I don’t know what happened to Gala prior to coming to rescue, but I know it was powerful. Powerful enough that the echoes of that tragedy are obvious in her reaction to sudden noises and movements, unfamiliar people and dogs. She needs someone who is determined to love her and give her a chance. Someone who will not expect her to be the dog she cannot be.
On Sunday, I took Gala to an adoption event. She hadn’t attended one since last spring, where it was obvious the experience wasn’t a good one for her. I took her this time partly out of curiosity. I wondered if she might do better this time, she’d calmed and settled and been through a lot since that first month with us. And the Pet Valu was only a mile or so from our home, so I figured I could bail if she didn’t do well.
Mostly, I took her because sometimes it feels like no one will ever pick her, so maybe I naively hoped she’d find her person. Her people were certainly not finding her at our house.
After our experience Sunday, it seems pretty clear to me that we are not helping Gala. We are caring for her, but she is not making progress in terms of socialization. Witnessing her defensive behavior (snarling and barking at not just dogs, but people), it’s obvious that she doesn’t feel any safer in public now than she did when she arrived. I didn’t recognize her. This is not the Gala we experience at home.
Gala has always been terrified and reactive towards other dogs, but rarely towards people. On Sunday, she was frightened and ready to defend herself (and me?) against unfamiliar people and dogs. As her time at the event wore on, instead of relaxing, she began to explode at random people, and I was never sure what triggered her reaction. Certainly, no one threatened her. And yet, Gala sensed a threat of some kind. Why else would my incredibly loving dog display such fierceness?

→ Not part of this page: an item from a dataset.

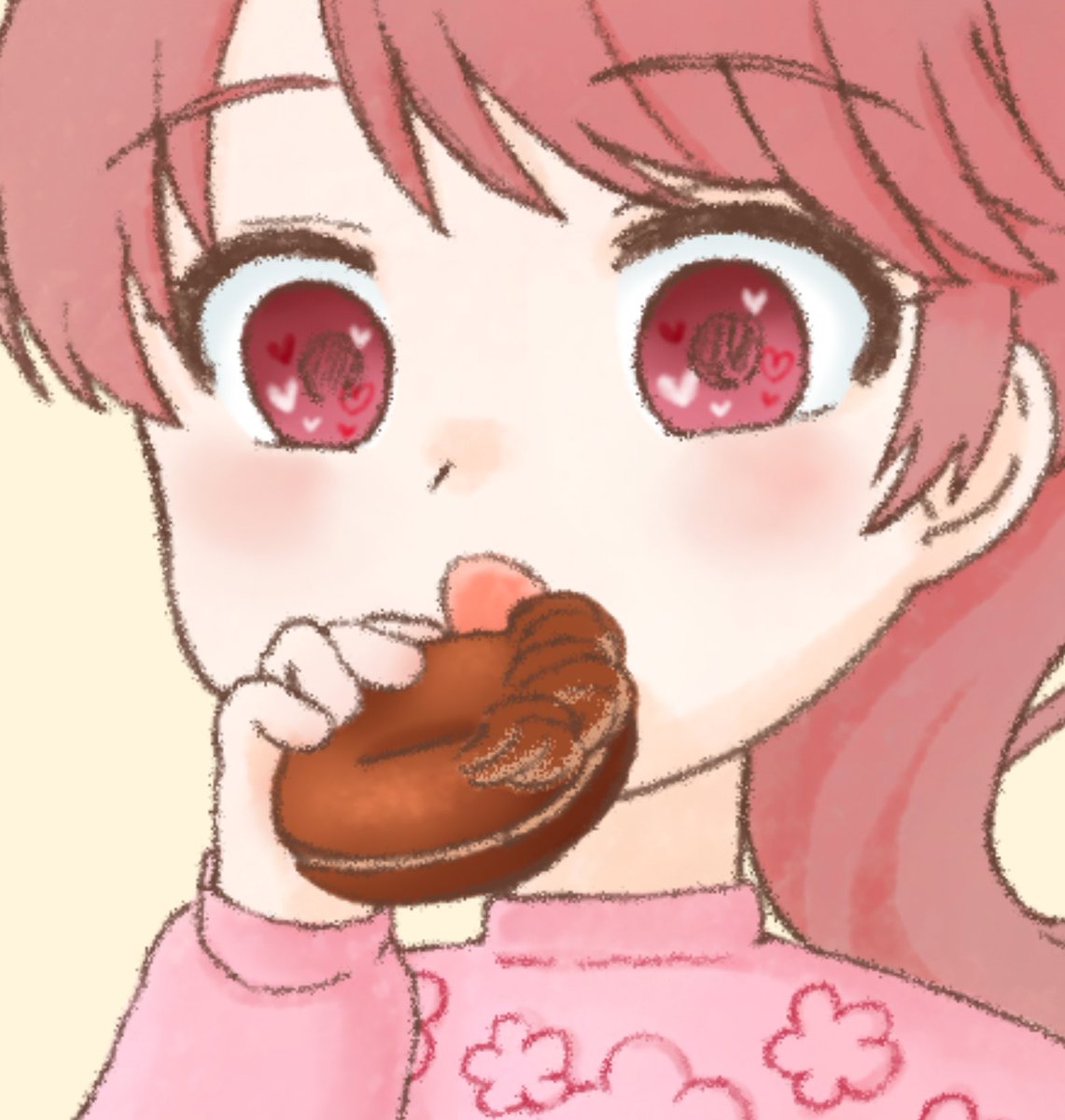 ミスドのヴィタメールなんとかいうチョコのドーナツめっちゃうまかったな🍩っていう絵 #椎名法子 #イラスト

I drove Gala home early, frustrated and saddened, convinced no one will ever pick her (why would they?) and that we were only making her less adoptable. Her behavior was much worse than that first adoption event so long ago. My mind spun with thoughts – What will become of her? How long can we do this? Are we doing more harm than good?
The morning after our adoption event debacle, I took her for our usual long walk. Instead of loping along happily in front of me, she tiptoed beside me, pausing frequently to check behind us, her eyes darting in every direction, the whites flashing. It was almost like she had PTSD from spending one hour at an adoption event and being bombarded with new people and dogs.

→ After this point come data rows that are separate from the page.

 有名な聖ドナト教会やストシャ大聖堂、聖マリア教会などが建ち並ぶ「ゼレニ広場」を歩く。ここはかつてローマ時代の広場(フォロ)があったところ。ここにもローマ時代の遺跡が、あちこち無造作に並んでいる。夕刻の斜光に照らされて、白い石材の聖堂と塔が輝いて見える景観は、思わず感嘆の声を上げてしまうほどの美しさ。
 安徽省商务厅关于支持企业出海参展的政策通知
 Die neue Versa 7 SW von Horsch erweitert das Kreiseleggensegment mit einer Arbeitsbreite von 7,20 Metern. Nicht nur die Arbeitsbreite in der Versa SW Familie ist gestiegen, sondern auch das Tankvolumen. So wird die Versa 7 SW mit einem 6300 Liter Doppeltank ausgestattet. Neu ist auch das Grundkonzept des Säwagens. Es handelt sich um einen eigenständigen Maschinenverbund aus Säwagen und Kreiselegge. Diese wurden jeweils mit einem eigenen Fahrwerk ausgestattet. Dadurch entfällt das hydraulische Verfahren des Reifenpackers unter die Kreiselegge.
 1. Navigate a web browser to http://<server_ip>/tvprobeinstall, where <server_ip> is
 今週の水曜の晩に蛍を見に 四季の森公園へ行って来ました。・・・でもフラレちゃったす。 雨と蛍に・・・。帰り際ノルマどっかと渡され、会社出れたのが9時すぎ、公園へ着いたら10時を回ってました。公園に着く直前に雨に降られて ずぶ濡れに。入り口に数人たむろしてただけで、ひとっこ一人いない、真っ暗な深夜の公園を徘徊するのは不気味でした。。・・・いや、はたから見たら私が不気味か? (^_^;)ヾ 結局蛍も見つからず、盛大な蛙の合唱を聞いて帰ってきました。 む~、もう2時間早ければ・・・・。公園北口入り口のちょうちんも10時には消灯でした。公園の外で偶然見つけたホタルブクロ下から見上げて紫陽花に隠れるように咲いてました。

I want to believe that Gala’s family is out there somewhere, but today, that’s hard. Today my heart breaks for this sweet, loving, intense, frightened dog. But it mostly breaks because right now, at least, it feels like I cannot save her.
Sorry for the bummer post. I promise I’ll find my optimism again, soon. But for today, instead of pushing aside my fears for Gala, I’m letting them out. It doesn’t help any of us to pretend they don’t exist.